HappyBhagJayegi_ROriginally planned to be titled ‘Dolly Lahore Mein’, ‘Happy Bhag Jayegi’ is a carefree, nonchalant film which promises much but fails to go the distance.

Harpreet ‘Happy’ Kaur (Diana Penty) is a feisty and plucky bride-to-be who decides to play the vanishing trick on her wedding day in Amritsar. Jumping into a truck laden with fruit, she inadvertently lands in the sprawling Lahore villa of the ex-governor of Pakistan Javed Ahmed (Jawed Shaikh). His son Bilal (Abhay Deol), who’s engaged to Zoya (Pakistani actress Momal Shaikh) and who the father has groomed to be Pakistan’s next Jinnah, is more interested in cricket than politics.
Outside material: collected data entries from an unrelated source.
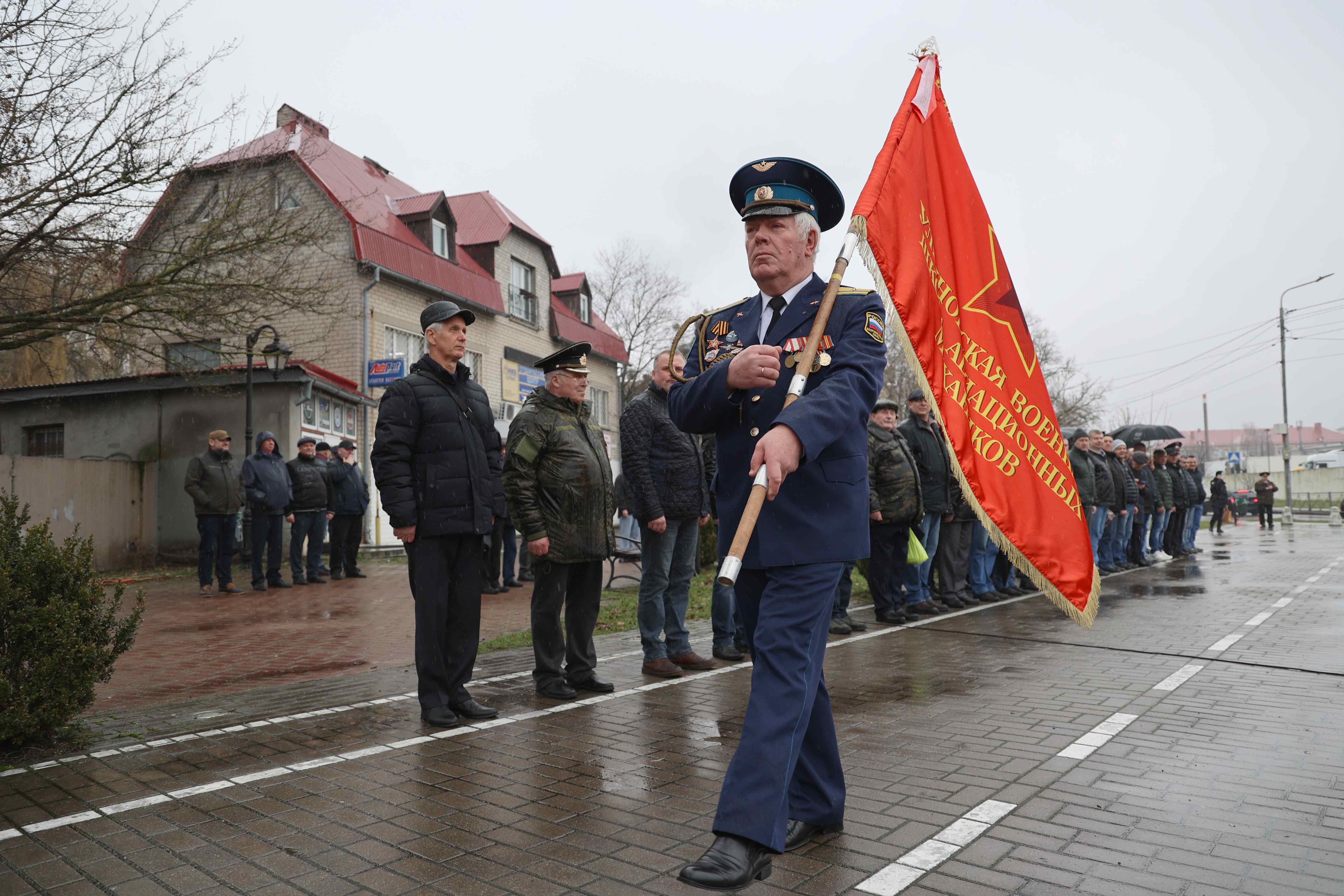 Вынос знамени училища, дружеские объятия, воспоминания о времени обучения, традиционное фото на память - для встречи старых товарищей дождь не стал помехой.
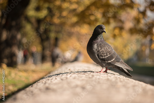 © Myvisuals, Obraz premium Proud Pigeon on the Wall illuminated by a tepid winter sun
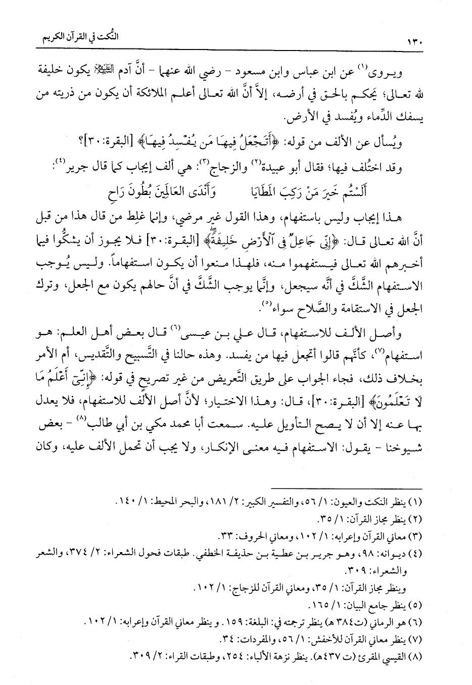 وأصل الألف للاستفهام، قال علي بن عيسى قال بعض أهل العلم: هو استفهام، كأنهم قالوا أتجعل فيها من يفسد. وهذا حالنا في التسبيح والتقديس، أم الأمر بخلاف ذلك، فجاء الجواب على طريق التعريض من غير تصريحٍ في قوله: {إِنِّي أَعْلَمُ مَا لَا تَعْلَمُونَ} [البقرة: 30] ، قال: وهذا الاختيار؛ لأن أصل الألف للاستفهام، فلا يعدل بها عنه إلا أن لا يصح التأويل عليه. سمعت أبا محمد مكي بن أبي طالب - بعض شيوخنا - يقول: الاستفهام فيه معنى الإنكار، ولا يجب أن تحمل الألف عليه، وكان
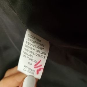 Authentic brown, rabbit fur, collar-less jacket by Theory. In excellent condition. Has hook closures down front and two slit pockets. Size small.
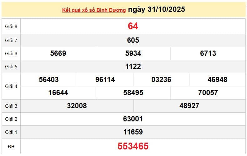XSBD 31/10, KQXSBD 31/10. Xem lại kết quả xổ số Bình Dương ngày 31/10/2025
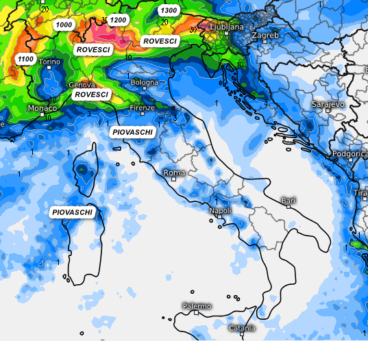 Andiamo però con ordine. Questa è la sommatoria delle precipitazioni attese in Italia fino alle 7 di domani mattina, venerdi 23 febbraio:

When Bilal, who develops a soft corner for Happy, is blackmailed by her into doing her bidding, he travels to Amritsar to find Guddu (Ali Fazal), Happy’s love interest.

Set in Amritsar and Lahore, HBJ is a wise-cracking sitcom with some hilarious moments and pertinent reflections — when the Pakistani senior policeman Usman Afridi (Piyush Mishra) sees Gandhi’s face on Indian currency, he utters tongue-in-cheek ‘kaash Mahatma Gandhi Pakistan mein hotey’. Or when Afridi tells Guddu ‘ask me anything, but Kashmir’.  There are some delightful references to the Madhubala-Dilip Kumar romance too. But Bilal’s father constantly imploring the son to ‘change the history of Pakistan’ (I guess that’s something which happens there on a day-to-day basis) becomes a little too much to bear.
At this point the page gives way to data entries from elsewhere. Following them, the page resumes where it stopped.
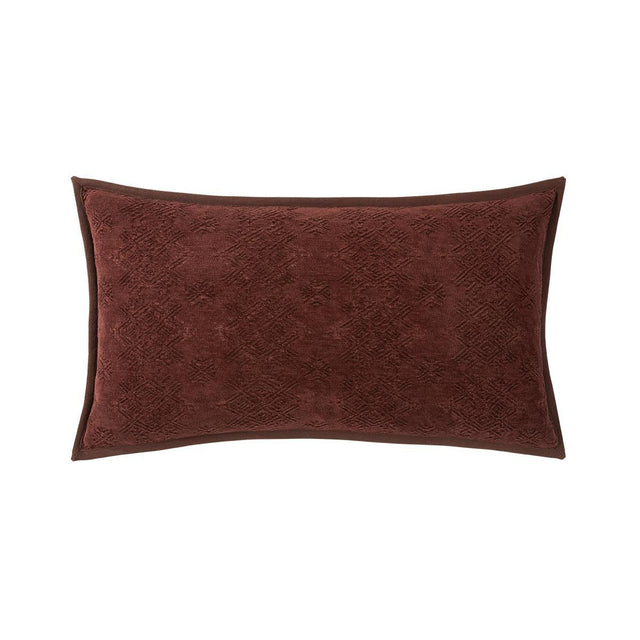This Syracuse Acajou Lumbar Pillow by Iosis comes in a beautiful and rich mahogany. The throw pillow is made from soft stone washed jacquard velour and features tone-on-tone geometric design. With its unique textured look and versatility, this accent pillow offers a relaxed yet elegant decorative touch.
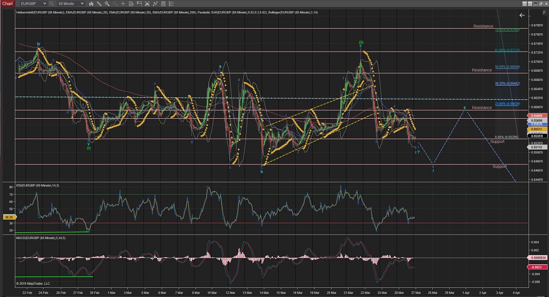 EURGBP is showing to have completed 3 Waves to the downside and now having Wave 4 correction could be completed.
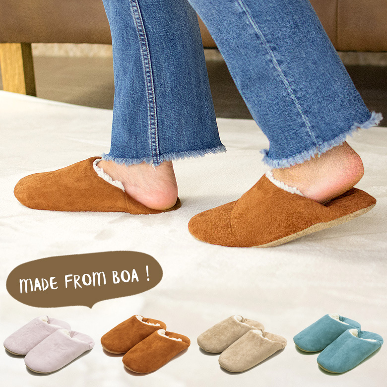 シンプルながらもころんとした丸みがかわいらしい、素足でもあったかいルームシューズ。
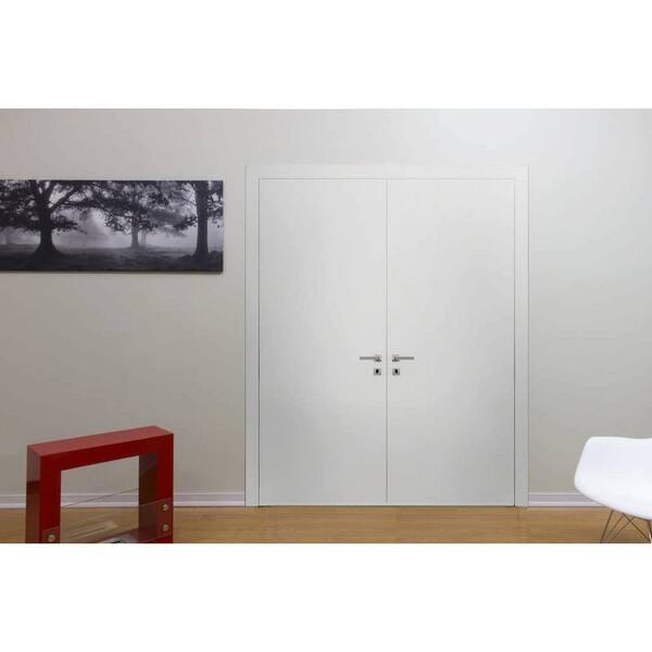 0010 84 in. x 80 in. Flush No Bore White Finished Pine Wood Interior Door Slab with French Hardware
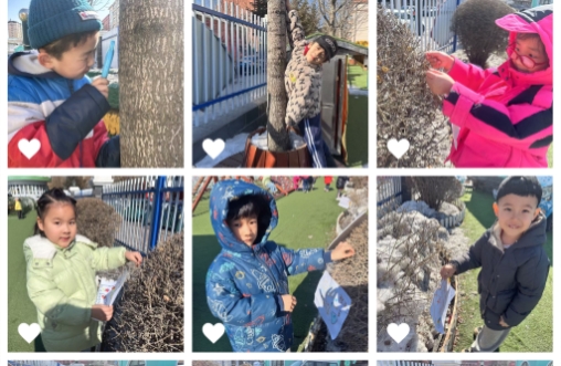大班的哥哥姐姐以更深入的实践探索自然奥秘。他们积极参与种植实践活动;亲手设计并制作别具心意的护绿提示牌、环保宣传牌与成长记录册,用文字与图画记录绿色心愿;在户外自然探索中,孩子们仔细观察树皮的纹路、树叶的形态,合作测量树高,在探索中发现大自然的神奇与美好。
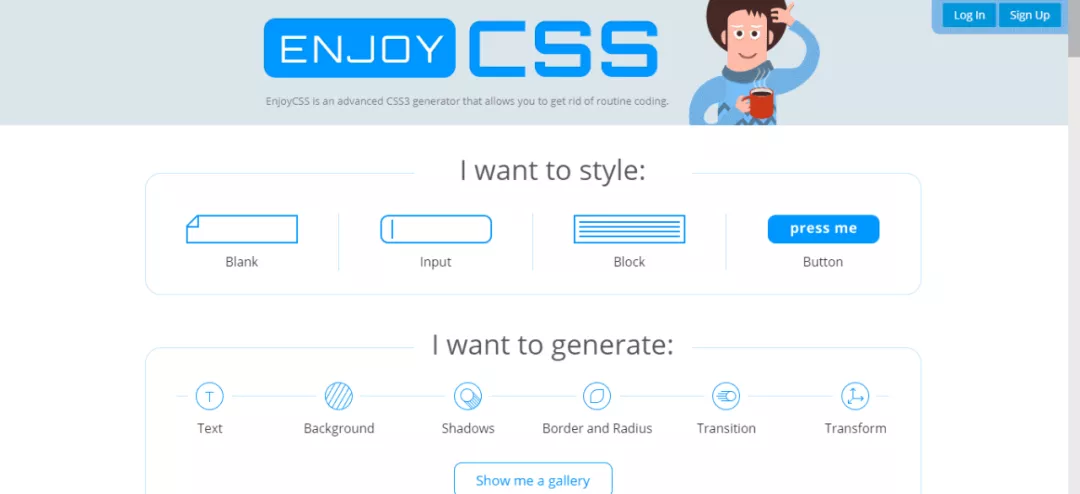 EnjoyCSS 可以输出 CSS、LESS、SCSS 代码,并支持指定需要支持哪些浏览器及其最低版本。开发简单页面时用起来比较方便,但不太适合复杂一点的前端项目(这类项目往往需要引入 CSS 框架)。
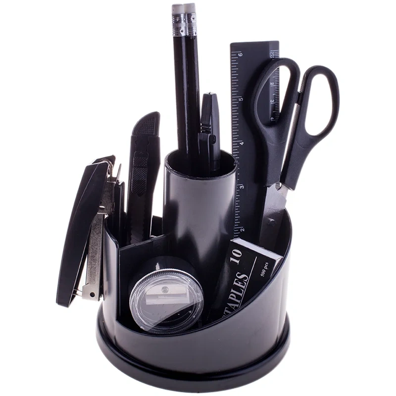 Стильный и удобный настольный органайзер OfficeSpace «Русские горки» с 6 секциями сочетает в себе качественное наполнение и интересный дизайн. Качественный чёрный пластик и возможность вращения на 360 градусов позволяют удобно пользоваться органайзером из любого положения. В состав настольного органайзера входят 12 предметов: 2 карандаша, шариковая ручка, степлер, точилка, кнопки, ножницы, канцелярский нож, линейка, скрепки, ластик, скобы для степлера.

Abhay Deol, seen on the screen after a couple of years, and Diana Penty, after her ‘Cocktail’ debut four years ago, give fairly impressive performances.  Of the supporting cast, Piyush Mishra’s dialogue delivery reminds one of the late Saeed Jaffery, while Kanwaljit Singh as the father of the bride is restricted to looking menacing and glaring. Jimmy Sheirgill, as the local corporator-cum-goon, and on whom Happy has walked out on her wedding day, displays his acting histrionics once again. Though the second half lags in the tautness of the script, HBJ is entertaining with a dash of subtle comedy and which stops short of disparaging across-the-border comments.